Classification Basics: Logistic Regression
Learn Logistic Regression - the fundamental algorithm for classification problems in machine learning.
Logistic Regression: Classification Basics
Despite the confusing name, Logistic Regression is for classification, not regression. It predicts categories.
The Problem
Linear Regression predicts numbers. But what if you need:
- Spam or Not Spam?
- Will customer churn? Yes/No
- Is transaction fraud?
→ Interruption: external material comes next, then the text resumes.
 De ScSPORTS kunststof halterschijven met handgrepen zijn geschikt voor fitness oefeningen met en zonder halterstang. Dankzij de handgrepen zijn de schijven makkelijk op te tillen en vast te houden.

Yes/No
You need probabilities and categories, not raw numbers.
The Solution: Sigmoid Function
Logistic Regression uses the sigmoid function to squash any number into 0-1 range:
1
σ(x) = ─────────
1 + e^(-x)
Output
1 │ ════════
│ ╱
0.5 │──────╋──────────
│ ╱
0 │════
└──────────────── x
Now we can interpret the output as probability!
How It Works
Step 1: Linear combination (like linear regression)
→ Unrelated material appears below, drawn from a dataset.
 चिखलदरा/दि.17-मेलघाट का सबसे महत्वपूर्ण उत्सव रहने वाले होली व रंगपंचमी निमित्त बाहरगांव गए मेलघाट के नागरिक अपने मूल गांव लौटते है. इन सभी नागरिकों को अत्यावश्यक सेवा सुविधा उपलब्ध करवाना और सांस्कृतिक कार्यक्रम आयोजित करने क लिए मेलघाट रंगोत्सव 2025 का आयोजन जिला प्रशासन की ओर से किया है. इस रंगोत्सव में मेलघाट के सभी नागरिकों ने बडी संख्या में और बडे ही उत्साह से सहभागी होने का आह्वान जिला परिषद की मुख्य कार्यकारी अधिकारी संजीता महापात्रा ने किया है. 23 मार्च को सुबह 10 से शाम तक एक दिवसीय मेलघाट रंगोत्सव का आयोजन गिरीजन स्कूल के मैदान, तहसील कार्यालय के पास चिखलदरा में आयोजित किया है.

z = w1*x1 + w2*x2 + ... + bias
Step 2: Sigmoid to get probability
probability = sigmoid(z) = 1 / (1 + exp(-z))
Step 3: Threshold for final prediction
prediction = 1 if probability >= 0.5 else 0
Code Example
from sklearn.linear_model import LogisticRegression
from sklearn.model_selection import train_test_split
import numpy as np
# Sample data: study hours, previous score -> pass/fail
X = np.array([[2, 50], [3, 55], [5, 65], [6, 70], [8, 85], [10, 90],
[1, 45], [2, 48], [4, 60], [7, 78]])
y = np.array([0, 0, 1, 1, 1, 1, 0, 0, 1, 1]) # 0=fail, 1=pass
# Split data
X_train, X_test, y_train, y_test = train_test_split(X, y, test_size=0.3)
# Train model
model = LogisticRegression()
model.fit(X_train, y_train)
# Predict
new_student = [[5, 62]] # 5 hours study, 62 previous score
probability = model.predict_proba(new_student)
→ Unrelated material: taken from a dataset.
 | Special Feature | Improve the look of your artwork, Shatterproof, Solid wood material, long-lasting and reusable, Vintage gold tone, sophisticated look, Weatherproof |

prediction = model.predict(new_student)
print(f"Probability of passing: {probability[0][1]:.2%}")
print(f"Prediction: {'Pass' if prediction[0] == 1 else 'Fail'}")
Output:
Probability of passing: 73.45%
Prediction: Pass
Understanding the Output
model.predict_proba([[5, 62]])
# Returns: [[0.2655, 0.7345]]
# ↑ Prob(Fail) ↑ Prob(Pass)
Probabilities always sum to 1.
Multiclass Classification
What if you have more than 2 classes? (Cat, Dog, Bird)
model = LogisticRegression(multi_class='multinomial')
model.fit(X, y) # y can be [0, 1, 2] for three classes
# Predictions
model.predict_proba([[features]])
# Returns: [[0.15, 0.75, 0.10]] # Probabilities for each class
Evaluation Metrics
Accuracy
from sklearn.metrics import accuracy_score
accuracy = accuracy_score(y_true, y_pred) # % correct
Confusion Matrix
Predicted
0 1
Actual 0 [TN, FP]
1 [FN, TP]
- TN: Correctly predicted negative
- TP: Correctly predicted positive
- FP: False alarm (predicted positive, was negative)
- FN: Missed it (predicted negative, was positive)
Precision & Recall
precision = TP / (TP + FP) # Of predicted positives, how many correct?
recall = TP / (TP + FN) # Of actual positives, how many found?
Choosing the Threshold
Default threshold is 0.5, but you can change it:
# Lower threshold = more positive predictions
threshold = 0.3
predictions = (model.predict_proba(X)[:, 1] >= threshold).astype(int)
When to lower threshold: When missing positives is costly (disease detection)
When to raise threshold: When false alarms are costly (spam filter)
Logistic vs Linear Regression
| Aspect | Linear Regression | Logistic Regression |
|---|---|---|
| Output | Any number | Probability (0-1) |
| Use case | Predict values | Predict categories |
| Function | Straight line | S-curve (sigmoid) |
| Example | House price | Spam/Not spam |
Pros and Cons
Pros:
- Simple and fast
- Gives probabilities, not just predictions
- Interpretable coefficients
- Works well for linearly separable data
Cons:
- Assumes linear decision boundary
- Can't capture complex patterns
- Struggles with highly correlated features
Key Takeaway
Logistic Regression is the go-to algorithm for classification. It's simple, interpretable, and often works surprisingly well. Even when you use fancier models, Logistic Regression is a great baseline to compare against.